Every line below should come back exactly as written, though the pictures stay out.

···

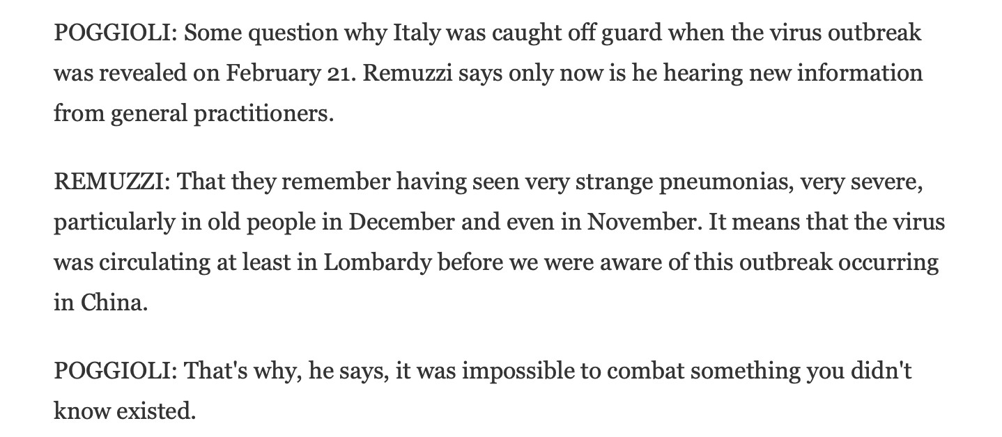 朱塞佩·雷穆齊:他們記得曾遇到過非常奇怪的肺炎,非常嚴重,尤其是12月甚至11月時在老人身上看到過這種肺炎。這意味着,至少在我們意識到疫情在中國暴發前,病毒就已經在倫巴第地區傳播了**。**
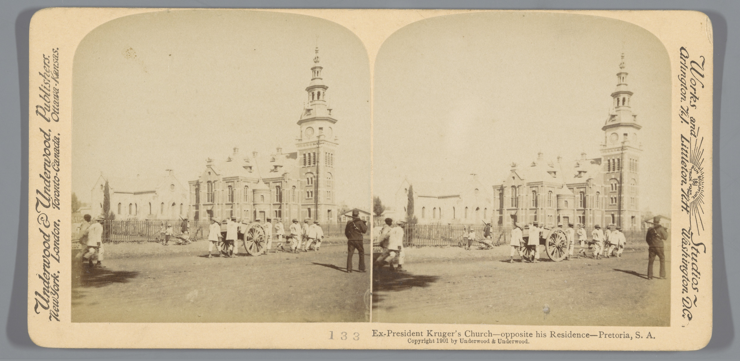 Gezicht op de Verenigde Kerk in Pretoria met op de v...
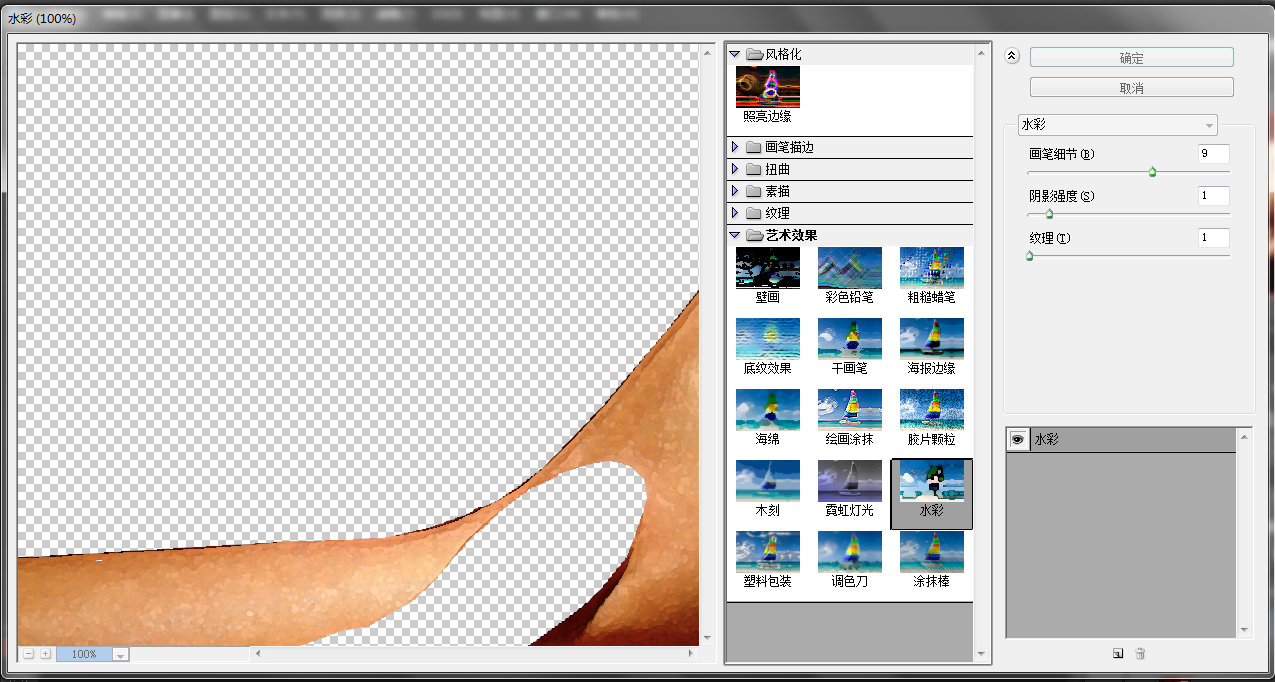 选择图层1副本,执行滤镜>艺术效果>水彩命令,设置参数从上到下依次为:8、1、3
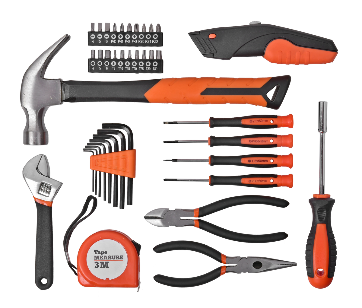 • Monipuoliset työkalut kodin askareisiin – naulaa, ruuvaa, mittaa ja leikkaa.
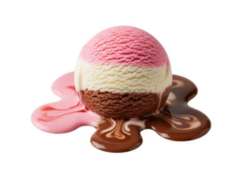 Single scoop Neapolitan ice cream, strawberry, vanilla, chocolate layers, melting into blending puddles on transparent background, studio lighting, close-up macro, food photography concept
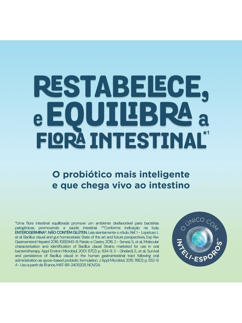 Os esporos do probiótico Bacillus clausii contidos em Enterogermina Adulto são resistentes ao ácido gástrico, portanto chegam intactos até o trato digestivo, no qual se espalham, promovendo o equilíbrio e restaurando a microbiota intestinal³.
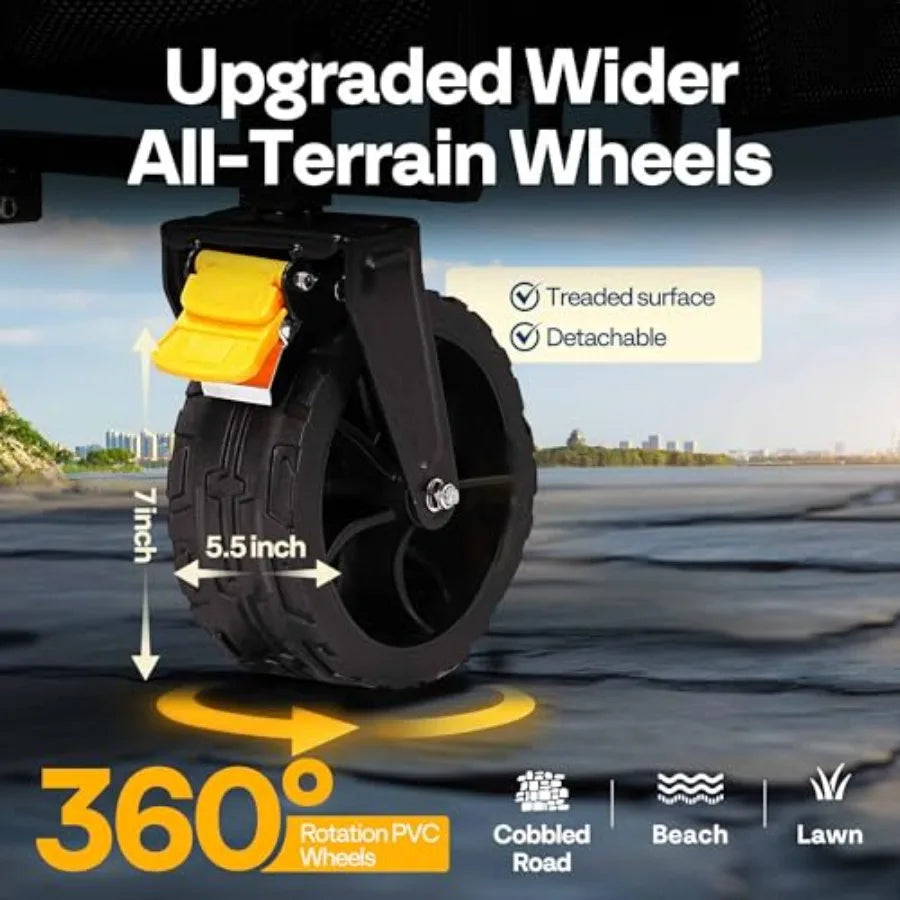 OVERSIZED WHEELS FOR ANY TERRAIN: Equipped with large 7" x 5.5" PVC wheels that deliver excellent grip across gravel, sand, grass, or pavement; Tires are detachable for easy replacement and cleaning; Treaded surface improves traction, while the built-in tire brake ensures safety and prevents movement on slopes or uneven surfaces
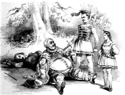 Tuckett involved himself in many ventures after leaving the Army, experiencing, as an annual news review recounted: "much of life, as a merchant, agent, actor, and bankrupt".[15] Because of his duelling injury he walked with a limp for the rest of his life, but he recovered sufficiently to become a player with a company of actors touring in Britain and Ireland, drawing on his experience of amateur theatre in India. Reactions to his stage appearances were often critical but, by capitalising on his celebrity from the duel, Tuckett gained backing for a production of Henry IV Part 1, in which he played Sir John Falstaff.[16] His performance in the role at London's Lyceum Theatre, opening on 12 January 1844, gained appreciative reviews, although the production itself was criticised for its sparse scenery and indifferent supporting cast—some were amateur players.[17][18] A critic noted that the actor's naturally stout physique rendered unnecessary the heavy padding customarily needed to portray the old, fat knight.[19] The final performance, in what was considered a very short run in front of "empty benches",[20] was a benefit performance for Tuckett on 12 February 1844.[21]

···

— Answer space —
 朱塞佩·雷穆齊:他們記得曾遇到過非常奇怪的肺炎,非常嚴重,尤其是12月甚至11月時在老人身上看到過這種肺炎。這意味着,至少在我們意識到疫情在中國暴發前,病毒就已經在倫巴第地區傳播了**。**
 Gezicht op de Verenigde Kerk in Pretoria met op de v...
 选择图层1副本,执行滤镜>艺术效果>水彩命令,设置参数从上到下依次为:8、1、3
 • Monipuoliset työkalut kodin askareisiin – naulaa, ruuvaa, mittaa ja leikkaa.
 Single scoop Neapolitan ice cream, strawberry, vanilla, chocolate layers, melting into blending puddles on transparent background, studio lighting, close-up macro, food photography concept
 Os esporos do probiótico Bacillus clausii contidos em Enterogermina Adulto são resistentes ao ácido gástrico, portanto chegam intactos até o trato digestivo, no qual se espalham, promovendo o equilíbrio e restaurando a microbiota intestinal³.
 OVERSIZED WHEELS FOR ANY TERRAIN: Equipped with large 7" x 5.5" PVC wheels that deliver excellent grip across gravel, sand, grass, or pavement; Tires are detachable for easy replacement and cleaning; Treaded surface improves traction, while the built-in tire brake ensures safety and prevents movement on slopes or uneven surfaces
 Tuckett involved himself in many ventures after leaving the Army, experiencing, as an annual news review recounted: "much of life, as a merchant, agent, actor, and bankrupt".[15] Because of his duelling injury he walked with a limp for the rest of his life, but he recovered sufficiently to become a player with a company of actors touring in Britain and Ireland, drawing on his experience of amateur theatre in India. Reactions to his stage appearances were often critical but, by capitalising on his celebrity from the duel, Tuckett gained backing for a production of Henry IV Part 1, in which he played Sir John Falstaff.[16] His performance in the role at London's Lyceum Theatre, opening on 12 January 1844, gained appreciative reviews, although the production itself was criticised for its sparse scenery and indifferent supporting cast—some were amateur players.[17][18] A critic noted that the actor's naturally stout physique rendered unnecessary the heavy padding customarily needed to portray the old, fat knight.[19] The final performance, in what was considered a very short run in front of "empty benches",[20] was a benefit performance for Tuckett on 12 February 1844.[21]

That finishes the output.